=== Work required ===
Take the lines below from the one with "Karl Lagerfeld Ringstand" through the one with "圖1:活性炭負(fù)載無(wú)紡布樣" and print only them, exactly. Don't print the pictures.

=== Extracted information ===
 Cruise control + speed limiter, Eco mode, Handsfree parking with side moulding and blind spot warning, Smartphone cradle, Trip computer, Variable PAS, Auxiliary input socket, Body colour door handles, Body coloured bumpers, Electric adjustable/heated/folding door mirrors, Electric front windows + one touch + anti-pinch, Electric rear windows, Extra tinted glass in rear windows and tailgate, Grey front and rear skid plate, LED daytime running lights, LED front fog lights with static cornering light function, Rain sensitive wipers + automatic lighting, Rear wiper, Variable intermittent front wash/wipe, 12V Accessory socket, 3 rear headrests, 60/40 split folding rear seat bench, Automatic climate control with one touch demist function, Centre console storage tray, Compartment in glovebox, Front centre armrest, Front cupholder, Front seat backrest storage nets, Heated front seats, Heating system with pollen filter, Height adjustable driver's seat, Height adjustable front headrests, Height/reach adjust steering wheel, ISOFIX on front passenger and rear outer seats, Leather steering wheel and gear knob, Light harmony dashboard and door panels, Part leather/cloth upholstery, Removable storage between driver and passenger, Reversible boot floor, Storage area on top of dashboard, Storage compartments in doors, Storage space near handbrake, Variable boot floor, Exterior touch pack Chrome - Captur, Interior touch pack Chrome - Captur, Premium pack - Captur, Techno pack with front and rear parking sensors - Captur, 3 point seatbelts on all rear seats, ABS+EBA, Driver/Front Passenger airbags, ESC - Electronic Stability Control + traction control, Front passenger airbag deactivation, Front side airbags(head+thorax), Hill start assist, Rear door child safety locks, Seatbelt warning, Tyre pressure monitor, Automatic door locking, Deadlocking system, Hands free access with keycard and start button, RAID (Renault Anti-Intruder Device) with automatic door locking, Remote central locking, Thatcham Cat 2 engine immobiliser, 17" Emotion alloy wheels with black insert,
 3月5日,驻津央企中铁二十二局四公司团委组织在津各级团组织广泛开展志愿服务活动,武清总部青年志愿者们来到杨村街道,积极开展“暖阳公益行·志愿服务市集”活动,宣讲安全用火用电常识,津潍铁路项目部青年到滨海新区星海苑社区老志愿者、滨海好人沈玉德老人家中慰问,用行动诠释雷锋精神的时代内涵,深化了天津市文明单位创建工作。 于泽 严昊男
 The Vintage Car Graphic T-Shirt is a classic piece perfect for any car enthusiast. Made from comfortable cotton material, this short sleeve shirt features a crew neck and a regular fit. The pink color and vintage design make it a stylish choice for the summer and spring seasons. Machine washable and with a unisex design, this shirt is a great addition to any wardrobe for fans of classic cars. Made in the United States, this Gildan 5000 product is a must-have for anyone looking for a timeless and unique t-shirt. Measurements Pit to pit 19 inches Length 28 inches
---
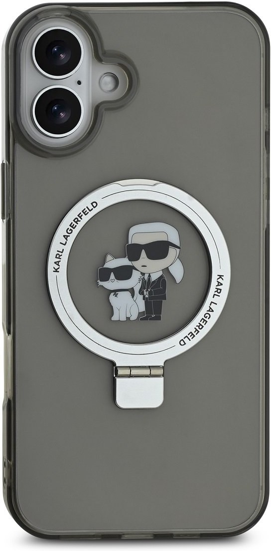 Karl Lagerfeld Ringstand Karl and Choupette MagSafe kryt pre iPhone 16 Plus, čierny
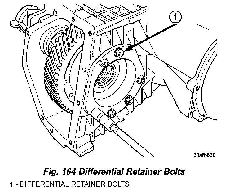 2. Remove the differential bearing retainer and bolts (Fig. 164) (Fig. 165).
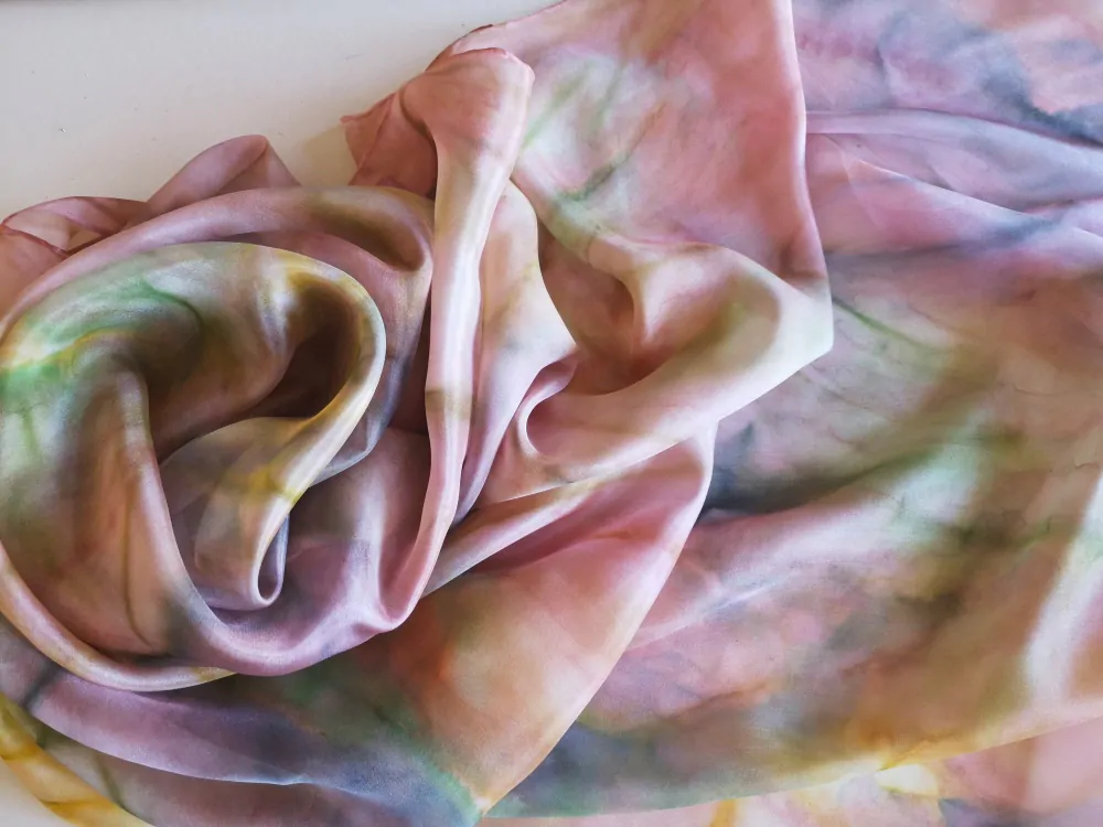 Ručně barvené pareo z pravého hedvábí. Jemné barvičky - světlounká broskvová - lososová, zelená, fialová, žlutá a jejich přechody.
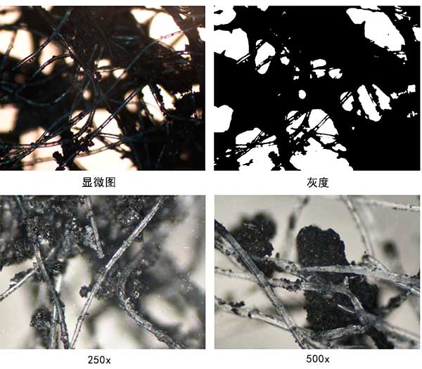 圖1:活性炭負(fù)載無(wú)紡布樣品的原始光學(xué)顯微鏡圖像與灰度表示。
--
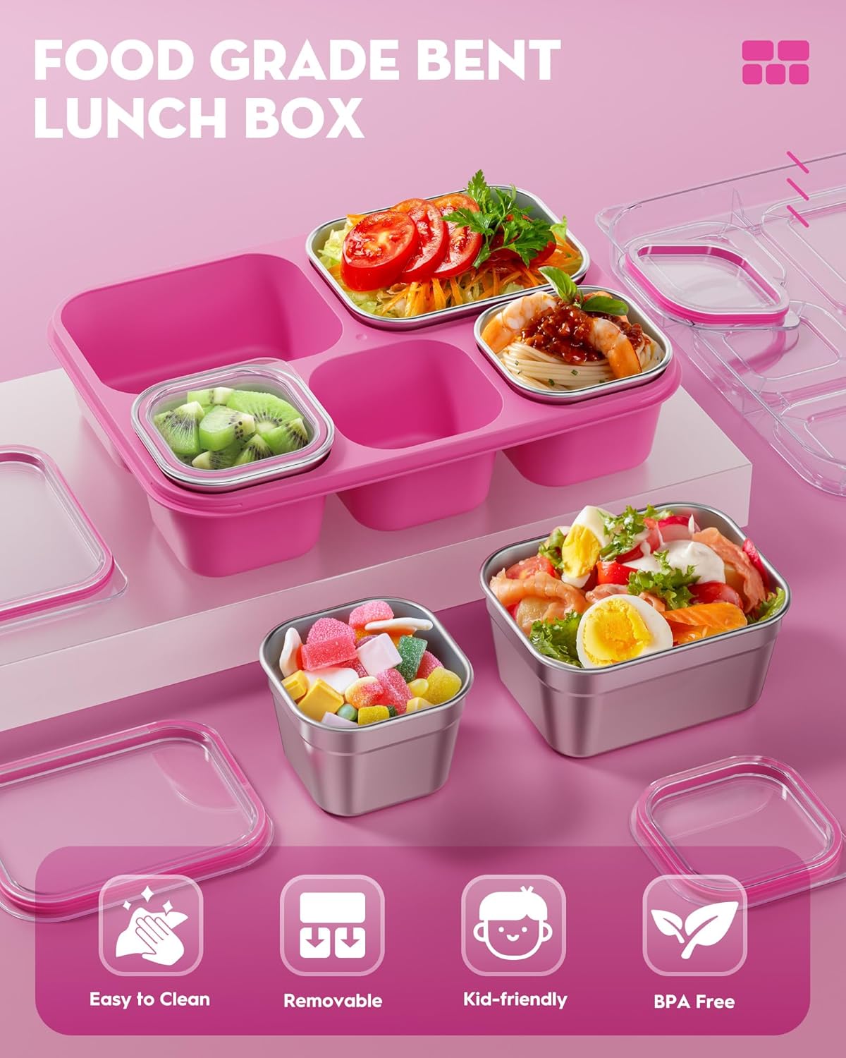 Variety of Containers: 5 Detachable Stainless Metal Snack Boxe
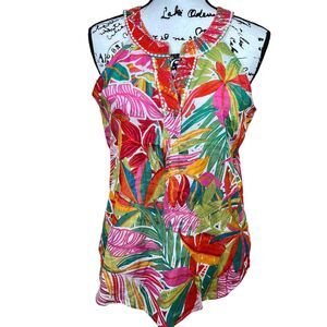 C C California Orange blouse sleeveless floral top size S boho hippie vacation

=== Answer to the exercise ===
 Karl Lagerfeld Ringstand Karl and Choupette MagSafe kryt pre iPhone 16 Plus, čierny
 2. Remove the differential bearing retainer and bolts (Fig. 164) (Fig. 165).
 Ručně barvené pareo z pravého hedvábí. Jemné barvičky - světlounká broskvová - lososová, zelená, fialová, žlutá a jejich přechody.
 圖1:活性炭負(fù)載無(wú)紡布樣品的原始光學(xué)顯微鏡圖像與灰度表示。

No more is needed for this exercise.